Thursday, March 07, 2013

Why Justin Trudeau Shouldn't Lead The Liberals

For the very same reason why so many Liberals want him to win, Justin Trudeau shouldn't become Liberal Leader.

If 150,000 people only supported Justin Trudeau because of substance then there would be no argument against the 41 year-old MP for Papineau. A Trudeau only made popular by policy would present little risk in selecting him for leader. After all, the Liberal Party could survive, even if just barely, another loss from a leader who only represented the party's policies. However policies aren't why Justin Trudeau has so many supporters, and policies aren't why he is a risk to the Liberal Party.

But while Justin Trudeau may not be a candidate of substance, he is certainly not a candidate of image. Despite his opponents' criticism, Justin Trudeau's incredible support is not based on celebrity alone; Marc Garneau could run television ads around the clock and never come close to reaching Trudeau's popularity. The success of his candidacy derives from an intimate, intrinsic, and inherent bond to the Liberal Party, and to Canada. And though that is why he is the best candidate, it is also why he could possibly be the worst.
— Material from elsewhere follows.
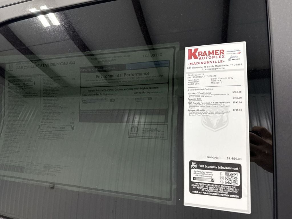 2026 Ram 2500 Lone Star 4WD — powerful capability meets refined comfort in Madisonville, TX. Powered by a stout 6-cylinder 6.7L Diesel engine, this Ram 2500 delivers exceptional torque for towing, confident highway passing, and reliable worksite performance. The Lone Star trim blends rugged utility with premium features, making it the ideal choice whether you're hauling equipment or heading out on a weekend adventure. Equipped with 4-wheel drive and an Off-Road Package, this truck is ready for rough terrain, muddy trails, and tough jobs. Safety and convenience are prioritized with Forward Collision Warning and Rear Parking Sensors to help prevent collisions and make maneuvering simple in tight spaces. The heated steering wheel adds year-round comfort, and Hands Free Bluetooth® keeps calls and audio seamless while you focus on the road. Located in Madisonville, TX, this 2026 Ram 2500 Lone Star is competitively priced — the best price available locally — offering outstanding value for a heavy-duty diesel pickup with premium tech and off-road capability. Whether you need a dependable work truck or a versatile daily driver, this Ram balances power, technology, and comfort. Schedule a test drive in Madisonville today and feel the difference of the 6.7L Diesel Ram 2500. Don't miss this opportunity to own a top-performing 4WD Lone Star at the best price in the area.
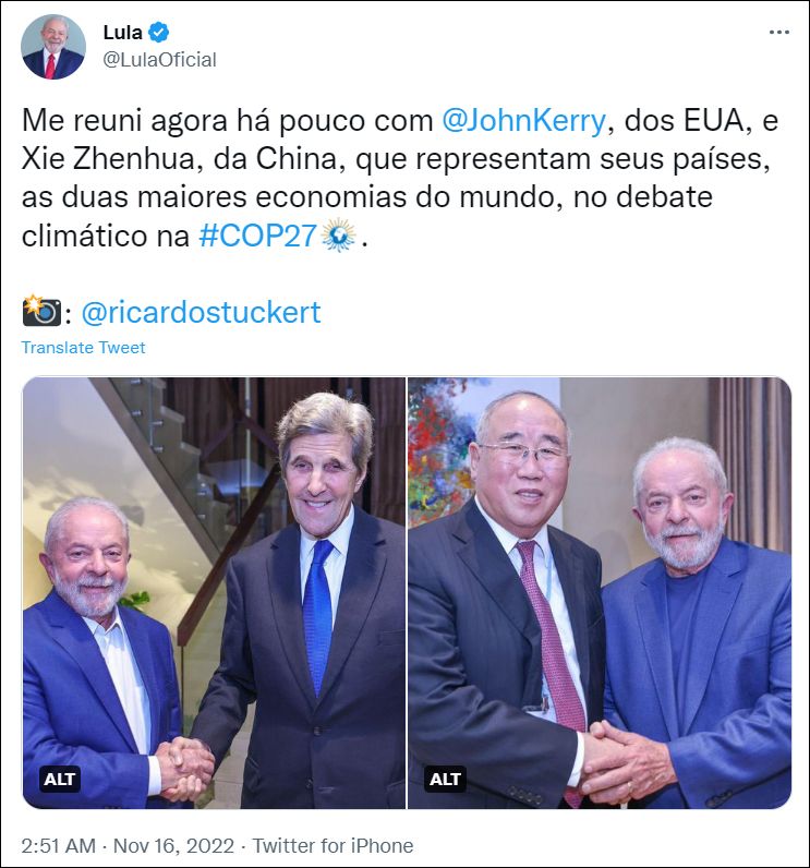 卢拉16日发推表示,已同参会的中国气候变化事务特使解振华和美国气候特使约翰·克里,并配上与两人的合影。

Justin Trudeau represents the Liberal Party's greatest connection to Canada, a loss by him would severe the two completely. Because he is so closely associated to the Liberal Party, an electoral defeat with Trudeau as leader, furthering a series of devastating defeats and losing even more seats, would undoubtedly end the organization.

Justin Trudeau shouldn't lead the Liberals because the party would be facing nonexistence if he lost.

But that is also why he should lead. A political party that isn't willing to face risk for its beliefs doesn't deserve to exist. Whether this enters the minds of those who vote for the next Liberal Leader or not, it doesn't matter. What matters is that the Liberal Party is not the most important thing, Liberal values are. And Justin Trudeau is the best candidate they've got.


kitt said...

Oh for pete's sake. Get real already. Bob Rae wasn't good enough, now Justin isn't good enough. It's a political party for god's sake and Justin ate, slept and breathed politics for most of his life, plus at least he has had a job, unlike the present prime minister. said...


Next time you commen please read the post you're commenting on.

kitt said...

You're right. I quit reading before getting to the last paragraph. And that paragraph is absolutely correct.

Matthew Day said...

Lol, I thought you had a screw loose. Trudeau is too quintessentially Liberal to lead the Liberals.... Then I read the last paragraph said...


I do maintain Trudeau is "too quintessentially Liberal", but the point of the post is that the risk of losing it all on our last and truest standard-bearer is worth it. I hope I made that clear.

David Coletto said...

Interesting take Scott. Our polling suggests Trudeau has a lot of positives but also a lot of high expectations.

Do you think he can meet them? said...


Very interesting polling data.

In the short-term Trudeau will meet those expectations because with him as leader in the lead up to 2015, Liberal polling numbers will jump enough to satisfy and/or impress party organizers and active/informed politicos.

This will promote a political virtuous cycle, where positive polls will motivate positive press coverage (a political party given up for dead). Better press will encourage Liberal members to expand organizing efforts, which will in turn push up poll numbers.

In the long-term, whether Trudeau wins the next election or not, he is placed well. If he wins, a majority or a minority, the incredible comeback for the Liberals will be historic and as such will undoubtedly force a narrative associating Trudeau with strong leadership and popular support.

If a Trudeau victory is to occur I have no doubt he will ensure legislation protecting/furthering women's rights will be drafted, even if it's only symbolic.

In 2015, a Liberal loss, though less optimal (but only slightly so), would still assuredly give the Liberals more seats, and as a consequence give them and Trudeau political momentum for the next electoral fight. Such an advantage would be incredibly beneficial considering it is unlikely Harper would stay on as Conservative Leader past 2017.